Actually, it's even worse that that! The aliens who have used their mind-control technology to prevent us from advancing at the rate we could as they fear we'll quickly move out into the galaxy like a cancer and take over everything including having our 'way' with their women...once you start to wear the protective tin-foil hat it all begins to make sense Letsdoit (some sexual repression in that name) sarcasm off;-)
I'm sure that many within every industry don't want any disruptive technologies interfering with their industry. Who would, when it's your livelihood? That said, the truth is both more prosaic and complicated by unintended consequence than you evidently realize.
Just a bit of research on the net brought up some US Bureau of Labor statistics; turns out there are 7 MILLION US WORKERS directly involved in the oil and auto industry's alone. Add in other oil dependent industry's in manufacturing, sales and service with the airlines, boating, trains, power generation, gas powered tools such as lawn mowers, tractors, chainsaws, etc. and the total of livelihoods involved is staggering.
Then toss in the families dependent upon those jobs.
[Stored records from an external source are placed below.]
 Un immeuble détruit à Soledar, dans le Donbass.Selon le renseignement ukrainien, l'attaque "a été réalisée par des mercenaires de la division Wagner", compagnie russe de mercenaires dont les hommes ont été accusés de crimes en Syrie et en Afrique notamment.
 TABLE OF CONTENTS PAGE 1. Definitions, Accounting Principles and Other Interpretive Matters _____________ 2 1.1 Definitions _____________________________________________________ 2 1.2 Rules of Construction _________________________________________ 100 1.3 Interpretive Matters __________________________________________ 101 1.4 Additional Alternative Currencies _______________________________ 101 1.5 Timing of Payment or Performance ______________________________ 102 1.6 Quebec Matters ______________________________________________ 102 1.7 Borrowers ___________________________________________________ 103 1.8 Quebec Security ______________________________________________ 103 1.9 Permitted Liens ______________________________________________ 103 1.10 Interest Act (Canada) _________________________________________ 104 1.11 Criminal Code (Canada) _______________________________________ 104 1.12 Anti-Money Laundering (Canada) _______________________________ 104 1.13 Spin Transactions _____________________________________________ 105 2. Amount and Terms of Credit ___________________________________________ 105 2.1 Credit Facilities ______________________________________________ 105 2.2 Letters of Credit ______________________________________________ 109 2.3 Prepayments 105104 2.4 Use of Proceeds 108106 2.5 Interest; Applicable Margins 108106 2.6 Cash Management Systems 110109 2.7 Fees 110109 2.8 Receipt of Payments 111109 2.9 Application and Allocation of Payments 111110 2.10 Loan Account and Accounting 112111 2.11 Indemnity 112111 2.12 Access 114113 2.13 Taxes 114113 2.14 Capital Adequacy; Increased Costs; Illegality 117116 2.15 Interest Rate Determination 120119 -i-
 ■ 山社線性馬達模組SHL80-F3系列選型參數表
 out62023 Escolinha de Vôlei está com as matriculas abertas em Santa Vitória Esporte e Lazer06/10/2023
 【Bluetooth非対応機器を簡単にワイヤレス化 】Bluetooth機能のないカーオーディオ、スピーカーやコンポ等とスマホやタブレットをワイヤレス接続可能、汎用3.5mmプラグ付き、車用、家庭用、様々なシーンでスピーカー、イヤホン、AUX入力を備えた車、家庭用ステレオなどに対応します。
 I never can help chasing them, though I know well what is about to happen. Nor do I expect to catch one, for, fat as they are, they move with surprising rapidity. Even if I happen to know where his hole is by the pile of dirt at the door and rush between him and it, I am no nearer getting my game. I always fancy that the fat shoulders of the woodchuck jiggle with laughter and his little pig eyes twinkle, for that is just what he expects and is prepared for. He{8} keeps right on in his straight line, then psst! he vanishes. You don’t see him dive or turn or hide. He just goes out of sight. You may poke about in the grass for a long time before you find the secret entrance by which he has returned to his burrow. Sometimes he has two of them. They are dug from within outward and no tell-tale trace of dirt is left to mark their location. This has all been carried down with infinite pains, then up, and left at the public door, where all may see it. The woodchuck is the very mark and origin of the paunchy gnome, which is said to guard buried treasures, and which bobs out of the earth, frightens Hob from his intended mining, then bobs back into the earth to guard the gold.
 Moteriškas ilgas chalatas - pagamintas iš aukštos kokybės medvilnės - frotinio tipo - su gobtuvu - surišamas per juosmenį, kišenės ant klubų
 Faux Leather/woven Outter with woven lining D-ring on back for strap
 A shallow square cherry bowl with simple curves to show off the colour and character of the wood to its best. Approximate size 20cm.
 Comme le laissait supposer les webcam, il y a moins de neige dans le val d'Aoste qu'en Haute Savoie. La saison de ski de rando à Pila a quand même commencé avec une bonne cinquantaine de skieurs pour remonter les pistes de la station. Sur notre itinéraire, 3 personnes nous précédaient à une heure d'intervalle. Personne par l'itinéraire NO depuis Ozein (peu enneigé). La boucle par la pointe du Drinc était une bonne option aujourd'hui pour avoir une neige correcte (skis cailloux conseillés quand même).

Then toss in the ancillary businesses whose profitability is directly tied to the health of those oil and auto industry jobs and it literally becomes 'too big to fail'. When THAT reality and consequence is considered, do you really expect any politician to hoist the finger to the people who elected him? Yes, they have an obkigation toward progress but they also have an obligation not to undermine their constituents livelihood. DAMN! The truth is so inconveniently messy, isn't it?
In a modern economy, the only way that the 'fatal' disruption of a depression can be avoided by truly disruptive technologies is to wait until the new technology has matured to the degree where it can offer a quick alternative in new job creation. Tesla can't do that. Electric cars simply aren't ready to offer that. When they are ready to offer it, you can be sure that the oil and auto industry will be among the first to invest and take an ownership position.
We will move away from fossil fuels, of that we have no choice but we do have a choice in how we do it. And it's critical that we do it in a way that doesn't create economic chaos.
Electric run vehicles need smooth transition from fossil-fuel based vehicles. Once the process starts, it will role us into a new era altogether of non-dependence on petroleum products at least in driving vehicles and related things. Then we can see the change happening in front of our eyes and competition rising among companies to produce more hybrid and battery-operated electric vehicles.
Sam
Electric run vehicles need smooth transition from fossil-fuel based vehicles. Once the process starts, it will role us into a new era altogether of non-dependence on petroleum products at least in driving vehicles and related things. Then we can see the change happening in front of our eyes and competition rising among companies to produce more hybrid and battery-operated electric vehicles.